Amacım sadece terimi atmaktı. Daha yeni girmiştim ki taş gibi vücuduyla kapıya gelmişti bile. Bana yaklaştı, duş jelini eline döküp vücudumu köpürtmeye başlamıştı. Yine taş gibi olmuş penisim bir elindeydi. Diğer eli vücudumun her noktasında geziniyor kaygan bir tabakayla birlikte eşsiz bir haz bırakıyordu. Bende onun vücudunu okşamaya köpüklemeye başlamıştım. Vücudumda gezen eli popoma yaklaşmıştı. Elini popo deliğime sürdüğünde irkildim ama zaman zaman hoşuma giderdi dokunulması. Bu da o anlardan biriydi sanırım. Penisimin elinin içinde daha da sertleşmesinden cesaret bulmuş olacak ki kaygan parmağını sokmaya çalıştı. Ben bunu anladığım anda hemen elini kavradım ve çektim. Bileğini öyle sert kavramıştım ki hem korkmuş hem de hoşuna gitmişti yüzünde “ben yaramaz bir kızım, ver benim cezamı” bakışı vardı. Ben de “nasıl istersen” bakışı ve pis bir gülümseme ile onu domalttım ve zaten vücut jeli ile oldukça kayganlaşmış taş gibi penisimi göt deliğine sokuverdim. Hiç acımıyor, hızla ve sert bir şekilde sikiyordum daracık götünü. Bir taraftan inliyor bir taraftan parmaklarıyla amını okşuyor kendini parmaklıyordu. Ben gösterişli kalçalarına sert tokatlar attıkça çığlık atıyordu. Kalçaları kızarmış hatta morarmaya başlamıştı. Sıcaklıklarını elimle hissedebiliyordum. Bazen o elimi alıyor olanca gücüyle ısırıyordu ama sonra inlemek ve çığlık atmaktan devam edemiyordu.

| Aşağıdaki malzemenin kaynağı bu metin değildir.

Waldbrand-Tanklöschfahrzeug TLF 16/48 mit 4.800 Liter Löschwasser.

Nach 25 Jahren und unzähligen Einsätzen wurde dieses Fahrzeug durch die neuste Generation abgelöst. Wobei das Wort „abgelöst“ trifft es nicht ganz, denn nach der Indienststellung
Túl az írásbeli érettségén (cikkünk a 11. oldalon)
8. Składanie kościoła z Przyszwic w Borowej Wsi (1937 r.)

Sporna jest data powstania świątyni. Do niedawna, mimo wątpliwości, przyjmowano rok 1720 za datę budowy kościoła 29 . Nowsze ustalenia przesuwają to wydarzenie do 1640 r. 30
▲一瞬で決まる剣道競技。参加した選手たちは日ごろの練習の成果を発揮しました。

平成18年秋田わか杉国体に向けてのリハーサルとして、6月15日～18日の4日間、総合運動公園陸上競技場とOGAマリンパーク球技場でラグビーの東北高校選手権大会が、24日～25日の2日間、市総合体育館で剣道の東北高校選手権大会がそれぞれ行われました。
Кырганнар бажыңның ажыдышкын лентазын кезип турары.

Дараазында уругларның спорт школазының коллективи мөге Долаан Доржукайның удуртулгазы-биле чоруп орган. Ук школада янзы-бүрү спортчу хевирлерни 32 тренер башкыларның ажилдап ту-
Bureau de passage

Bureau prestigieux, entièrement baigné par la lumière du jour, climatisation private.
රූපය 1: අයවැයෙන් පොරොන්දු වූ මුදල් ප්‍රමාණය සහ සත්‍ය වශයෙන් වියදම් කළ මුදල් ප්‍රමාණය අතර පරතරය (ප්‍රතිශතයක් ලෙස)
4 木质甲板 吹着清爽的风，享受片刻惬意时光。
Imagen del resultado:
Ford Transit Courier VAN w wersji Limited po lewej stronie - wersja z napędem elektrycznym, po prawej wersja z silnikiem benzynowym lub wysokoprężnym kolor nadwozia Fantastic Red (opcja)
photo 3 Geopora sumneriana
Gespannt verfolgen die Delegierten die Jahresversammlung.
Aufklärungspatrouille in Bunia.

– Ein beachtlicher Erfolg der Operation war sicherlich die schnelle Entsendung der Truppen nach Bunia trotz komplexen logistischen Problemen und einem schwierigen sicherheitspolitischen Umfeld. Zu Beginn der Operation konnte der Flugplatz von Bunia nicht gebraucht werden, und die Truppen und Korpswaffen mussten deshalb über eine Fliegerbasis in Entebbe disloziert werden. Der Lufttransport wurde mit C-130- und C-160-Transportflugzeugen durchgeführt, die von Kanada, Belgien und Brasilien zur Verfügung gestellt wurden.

Önce yine o boşaldı. Boşalır boşalmaz penisimi götünden çıkardım hızla tekrar sabunlayıp yıkadım ve yarıda kalan işime amından devam ettim. Banyoda sular ve köpüklerle doyasıya sikiştik. İkimizde tükenecek kadar yorulmuş nefes nefese kalmıştık. Üstümüzden sular akarken bile terlemiştim sanki. Bütün yerler su ve köpüğe bulanmıştı. Boşalacağımı anladığı zaman hızla geri döndü penisimi ağzına alıp yine son damlasına kadar emdi her şeyimi. Sanki kasıklarımı, içimi her şeyimi emmiş gibi hissediyordum. Ayakta duracak gücüm dahi kalmamış, diz bağlarım çözülmüş, gözüm kararmıştı.

Banyodan çıktık. Tam üç saat geçmişti geldiğinden beri. Saati görünce çok aceleyle kurulandı, kıyafetlerini odanın her bir köşesinden toplayıp giyindi. Bana teşekkür etti. Son bir defa uzunca öpüştük ve ben hala çıplak bir şekildeyken, o hızla çıkıp gitti. Sara’yı bir daha göremedim. Bir kaç kez mesajlaştık ama devamı olmadı.

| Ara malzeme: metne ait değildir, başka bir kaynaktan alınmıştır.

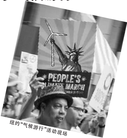
纽约“气候游行”活动现场

新华社纽约 9 月 21 日电（记者 顾震球）联合国秘书长潘基文 21 日在联合国总部所在地美国纽约市与数十万民众共同参加了大规模的气候游行活动，以敦促国际社会加紧应对气候变化。 据主办方初步统计，当天游行活动的参与人数达到 31 万人，创历史纪录。潘基文、纽约市长比尔·德布拉西奥和美国前副总统戈尔等众多国际知名人士也都一同参与。 潘基文当天头戴印有联合国徽记的蓝色棒球帽，身穿带着气候峰会标志的白色 T 恤来到游行队伍中间，接受了一个装着广大民众对气候变化问题诉求的纸箱子。 潘基文表示，积极应对气候变化的行动“没有备选方案”，因为人类赖以生存的地球“没有备份”。 当天的活动从纽约市著名的中央公园西侧开始，大部分参与民众步行，也有不少骑着自行车或者坐着轮椅参加。活动过程中，还有人演奏手风琴等乐器助兴。 12 岁的玛丽亚·博罗赞说：“这个世界对我很重要，我想要保护环境。”另一位成年游行说，在应对气候变化方面，留给我们的时间并不多，因此我们必须尽快采取有效行动，为子孙后代留下一个永远宜居的地球。 据报道，全球 166 个国家的民众响应号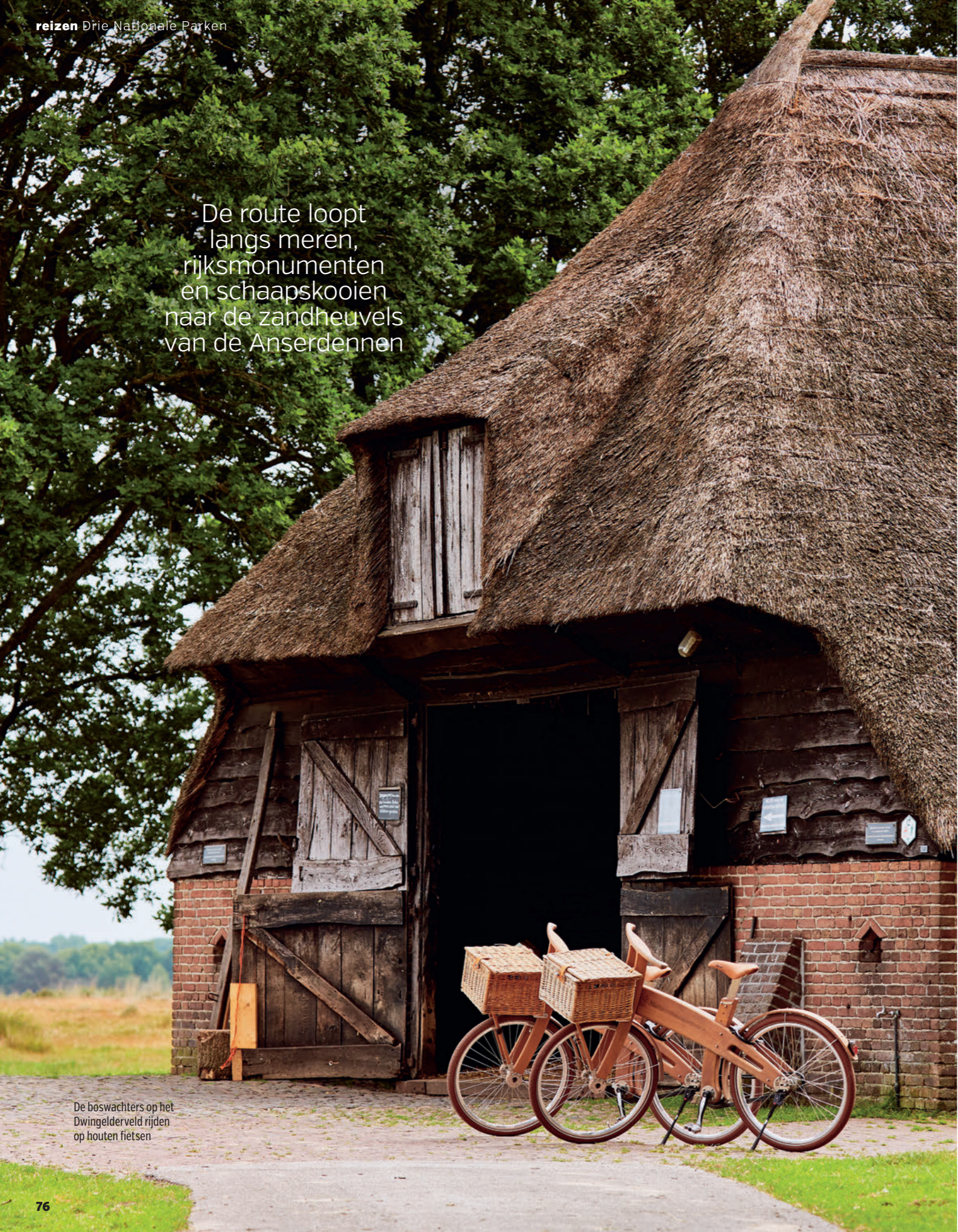
De boswachters op het Dwingelderveld rijden op houten fietsen

De route loopt langs meren, rijksmonumenten en schaapskooien naar de zandheuvels van de Anserdennen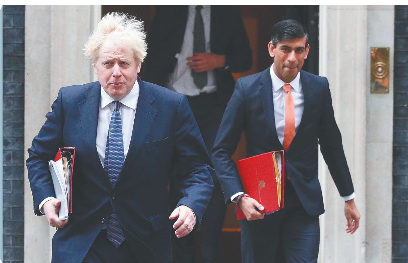
10月13日,英国首相约翰逊(左)离开唐宁街10号首相府。

英国首相约翰逊12日公布了一个适用于英格兰的三级新冠警戒系统,每一级别对应不同的疫情严重程度以及相应的应对措施,以进一步规范和简化英格兰各地落实疫情防控措施的程序。 约翰逊警告,英国新冠疫情已经如同“一架处于险情中的客机”。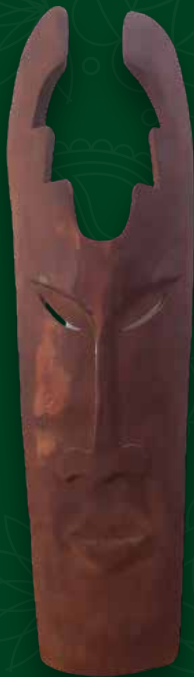
Máscara con mancha Medidas: 123x38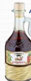
BARBERA EXTRA VERGIN OLIO AROMA PICCANTOLIO 500 ml

Daha Milano’da geçirecek günlerim vardı ama bu deneyimin ve doymuşluk hissinin üzerine kalan günlerimde Milano çevresindeki Como Gölü, Venedik ve diğer eşsiz güzellikteki yerleri gezip, yemeklerin tadını çıkarak arkadaşlarımla eğlenerek geçirdim. Hatta son üç günümde bana eşlik eden bir de kız arkadaşım olmuştu ama Sara ile yaşadıklarımdan sonra o kısmı anlatma ihtiyacı bile gereksiz sanırım.